Material for the task Start Marker

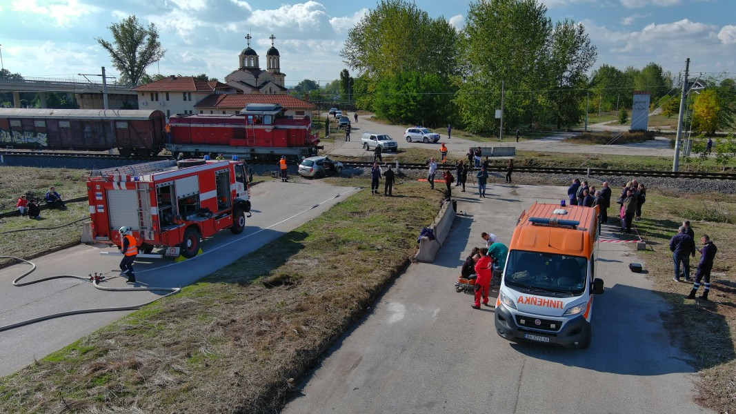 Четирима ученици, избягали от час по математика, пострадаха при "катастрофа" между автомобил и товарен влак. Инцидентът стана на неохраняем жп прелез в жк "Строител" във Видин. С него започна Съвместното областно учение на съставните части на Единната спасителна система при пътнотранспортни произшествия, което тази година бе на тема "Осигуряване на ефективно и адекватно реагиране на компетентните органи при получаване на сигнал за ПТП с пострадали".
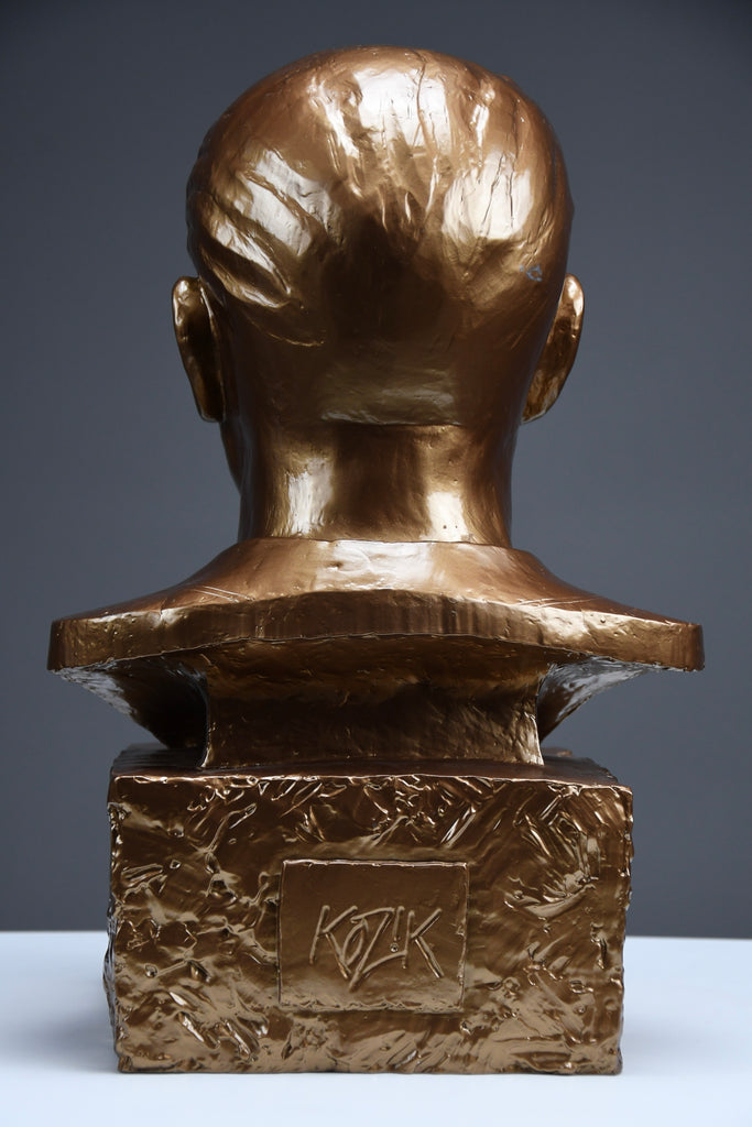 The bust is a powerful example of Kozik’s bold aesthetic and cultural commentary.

Material for the task End Marker
Material for the task Start Marker

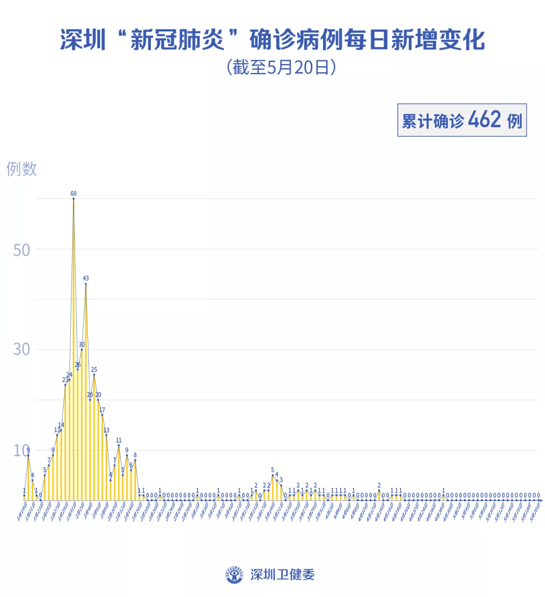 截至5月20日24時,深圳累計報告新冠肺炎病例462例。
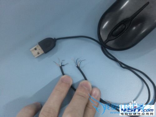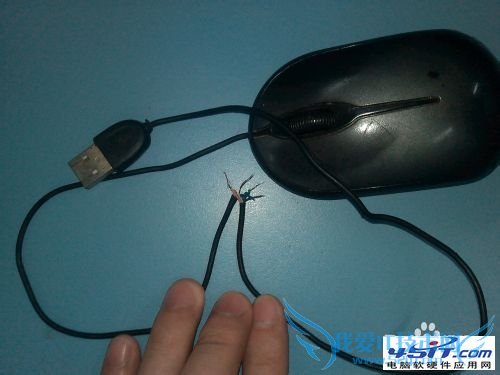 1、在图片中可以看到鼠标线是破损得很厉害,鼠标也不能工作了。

Material for the task End Marker

Please copy the lines above exactly, starting at the line that holds "Четирима ученици, избягали" and ending at the line that holds "The bust is"; include both, but no pictures.

 Четирима ученици, избягали от час по математика, пострадаха при "катастрофа" между автомобил и товарен влак. Инцидентът стана на неохраняем жп прелез в жк "Строител" във Видин. С него започна Съвместното областно учение на съставните части на Единната спасителна система при пътнотранспортни произшествия, което тази година бе на тема "Осигуряване на ефективно и адекватно реагиране на компетентните органи при получаване на сигнал за ПТП с пострадали".
 The bust is a powerful example of Kozik’s bold aesthetic and cultural commentary.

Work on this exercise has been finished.